═════ The data ═════
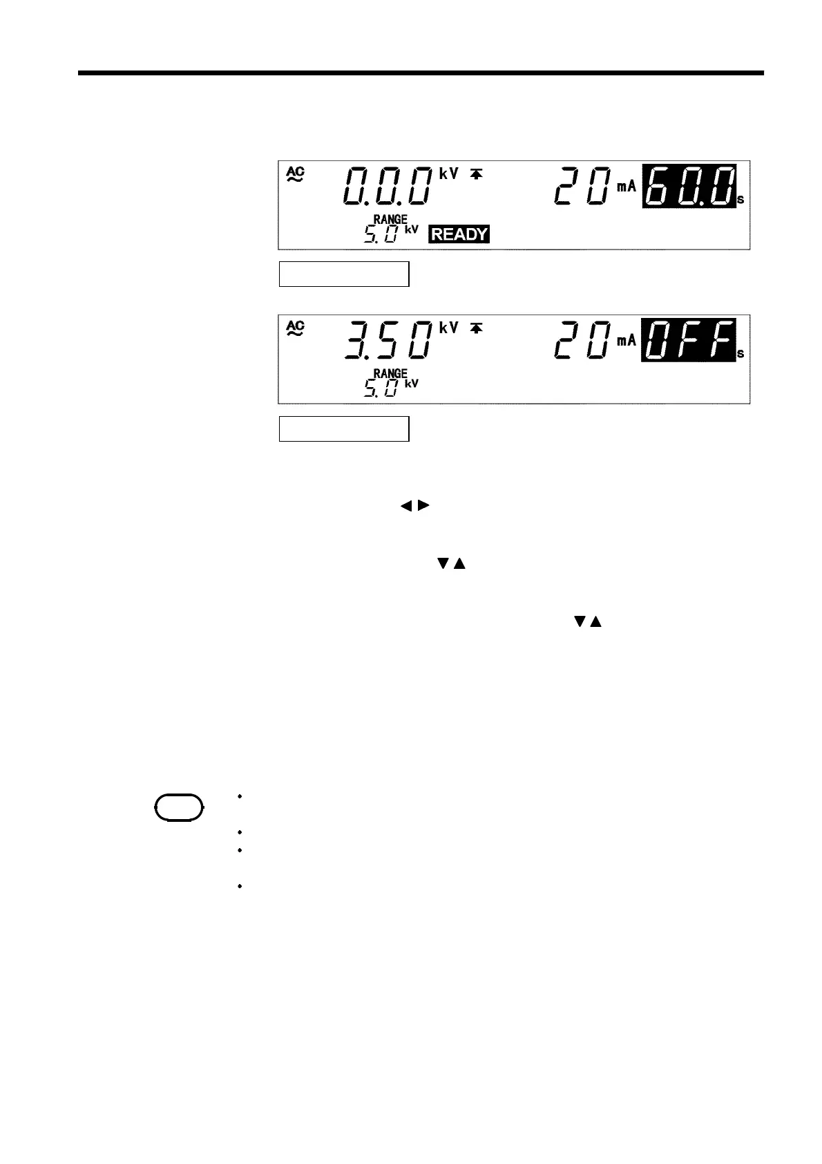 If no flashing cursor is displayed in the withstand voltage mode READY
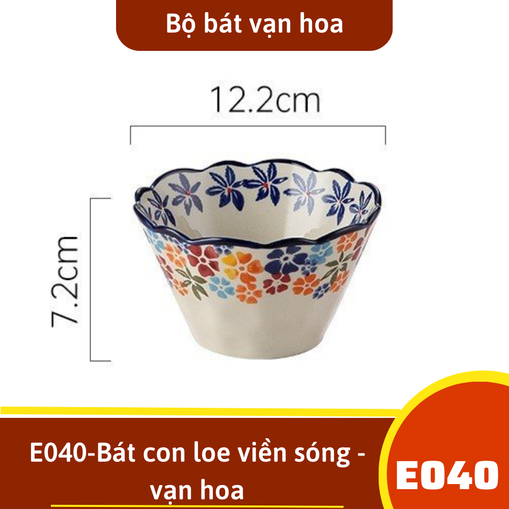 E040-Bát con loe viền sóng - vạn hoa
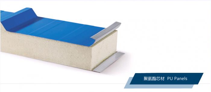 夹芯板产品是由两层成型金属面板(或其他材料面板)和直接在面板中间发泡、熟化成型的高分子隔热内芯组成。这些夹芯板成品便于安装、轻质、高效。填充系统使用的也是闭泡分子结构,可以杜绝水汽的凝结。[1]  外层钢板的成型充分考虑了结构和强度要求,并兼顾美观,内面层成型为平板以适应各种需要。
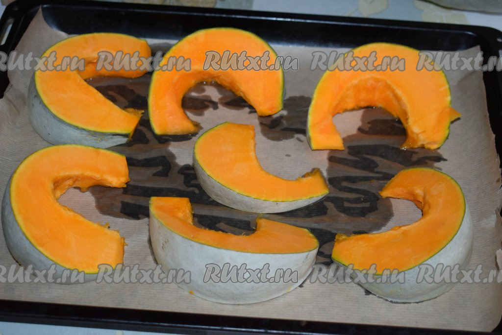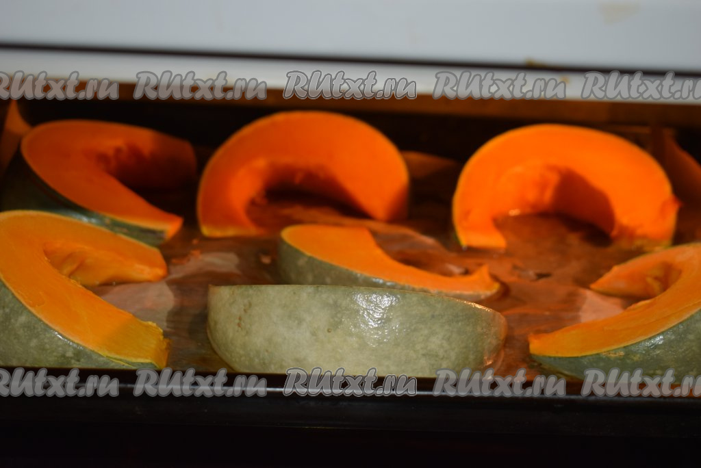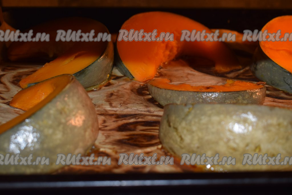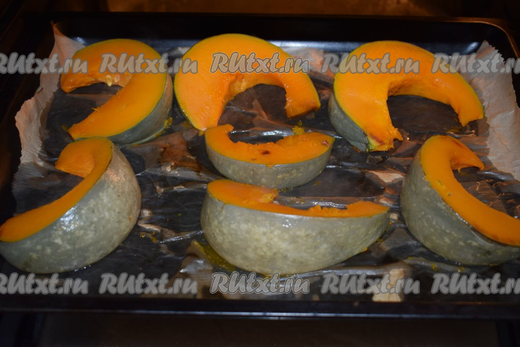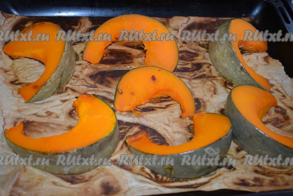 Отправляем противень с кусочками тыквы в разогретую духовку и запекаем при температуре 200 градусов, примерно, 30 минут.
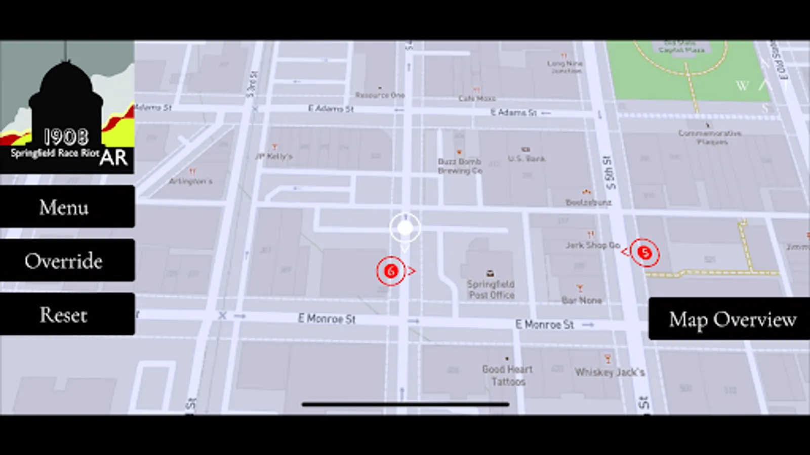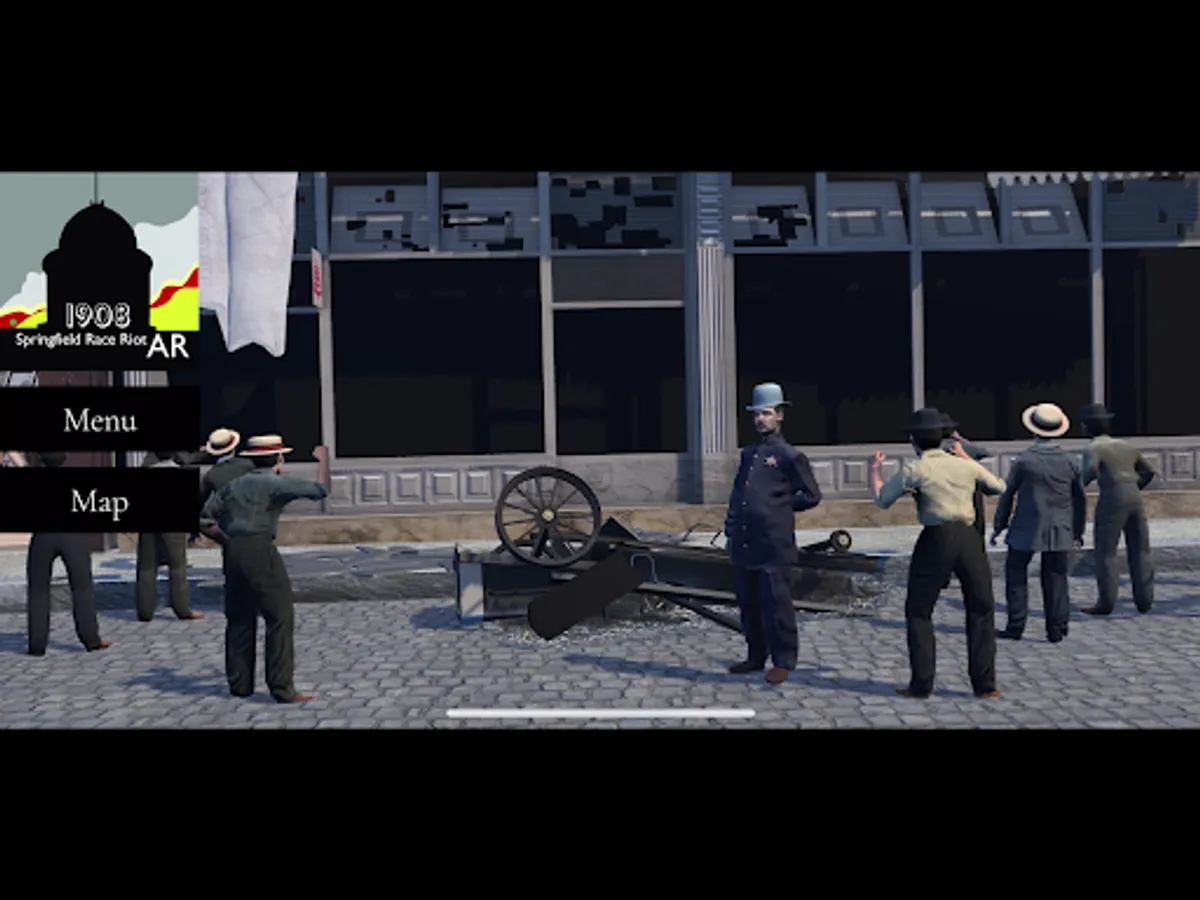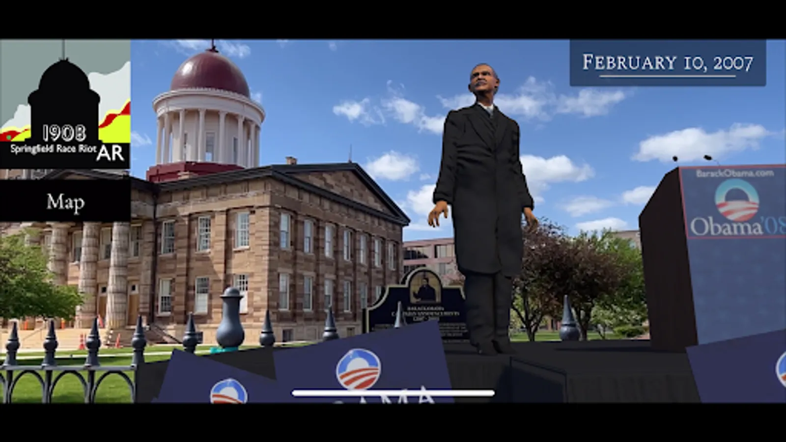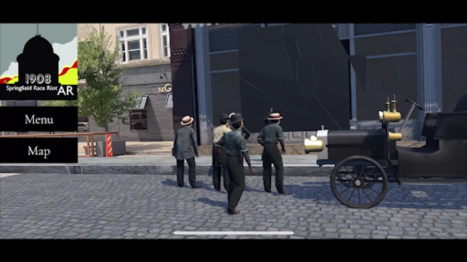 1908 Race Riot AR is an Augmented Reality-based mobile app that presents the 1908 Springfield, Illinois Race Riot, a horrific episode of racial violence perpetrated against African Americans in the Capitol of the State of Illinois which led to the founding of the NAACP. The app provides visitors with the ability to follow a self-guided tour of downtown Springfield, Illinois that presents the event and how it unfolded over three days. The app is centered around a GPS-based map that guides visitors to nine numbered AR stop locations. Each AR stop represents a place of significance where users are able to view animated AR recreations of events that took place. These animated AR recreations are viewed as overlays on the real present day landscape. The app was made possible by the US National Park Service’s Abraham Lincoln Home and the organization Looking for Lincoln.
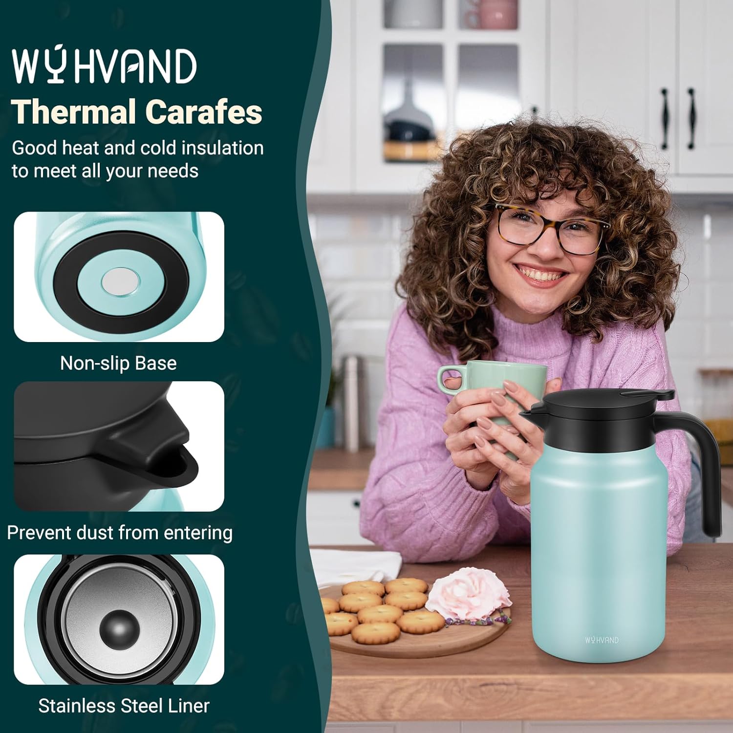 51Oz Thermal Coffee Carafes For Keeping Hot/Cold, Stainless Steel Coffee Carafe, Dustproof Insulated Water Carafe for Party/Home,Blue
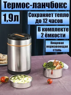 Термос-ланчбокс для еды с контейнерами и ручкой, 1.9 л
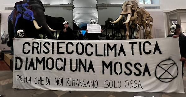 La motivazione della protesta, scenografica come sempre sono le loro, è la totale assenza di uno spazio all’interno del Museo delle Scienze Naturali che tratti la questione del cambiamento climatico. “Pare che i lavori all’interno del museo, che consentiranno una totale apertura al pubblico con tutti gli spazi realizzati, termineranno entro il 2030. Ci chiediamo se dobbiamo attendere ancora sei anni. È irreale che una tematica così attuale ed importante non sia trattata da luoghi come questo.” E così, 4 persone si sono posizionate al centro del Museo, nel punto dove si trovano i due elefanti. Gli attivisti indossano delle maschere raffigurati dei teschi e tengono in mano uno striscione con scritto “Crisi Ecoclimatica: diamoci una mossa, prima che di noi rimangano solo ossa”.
═════
Only an exact copy of the lines from the top of the entries through the line with "Термос-ланчбокс для еды", both included, should be given, with all pictures omitted.

 If no flashing cursor is displayed in the withstand voltage mode READY
 E040-Bát con loe viền sóng - vạn hoa
 夹芯板产品是由两层成型金属面板(或其他材料面板)和直接在面板中间发泡、熟化成型的高分子隔热内芯组成。这些夹芯板成品便于安装、轻质、高效。填充系统使用的也是闭泡分子结构,可以杜绝水汽的凝结。[1]  外层钢板的成型充分考虑了结构和强度要求,并兼顾美观,内面层成型为平板以适应各种需要。
 Отправляем противень с кусочками тыквы в разогретую духовку и запекаем при температуре 200 градусов, примерно, 30 минут.
 1908 Race Riot AR is an Augmented Reality-based mobile app that presents the 1908 Springfield, Illinois Race Riot, a horrific episode of racial violence perpetrated against African Americans in the Capitol of the State of Illinois which led to the founding of the NAACP. The app provides visitors with the ability to follow a self-guided tour of downtown Springfield, Illinois that presents the event and how it unfolded over three days. The app is centered around a GPS-based map that guides visitors to nine numbered AR stop locations. Each AR stop represents a place of significance where users are able to view animated AR recreations of events that took place. These animated AR recreations are viewed as overlays on the real present day landscape. The app was made possible by the US National Park Service’s Abraham Lincoln Home and the organization Looking for Lincoln.
 51Oz Thermal Coffee Carafes For Keeping Hot/Cold, Stainless Steel Coffee Carafe, Dustproof Insulated Water Carafe for Party/Home,Blue
 Термос-ланчбокс для еды с контейнерами и ручкой, 1.9 л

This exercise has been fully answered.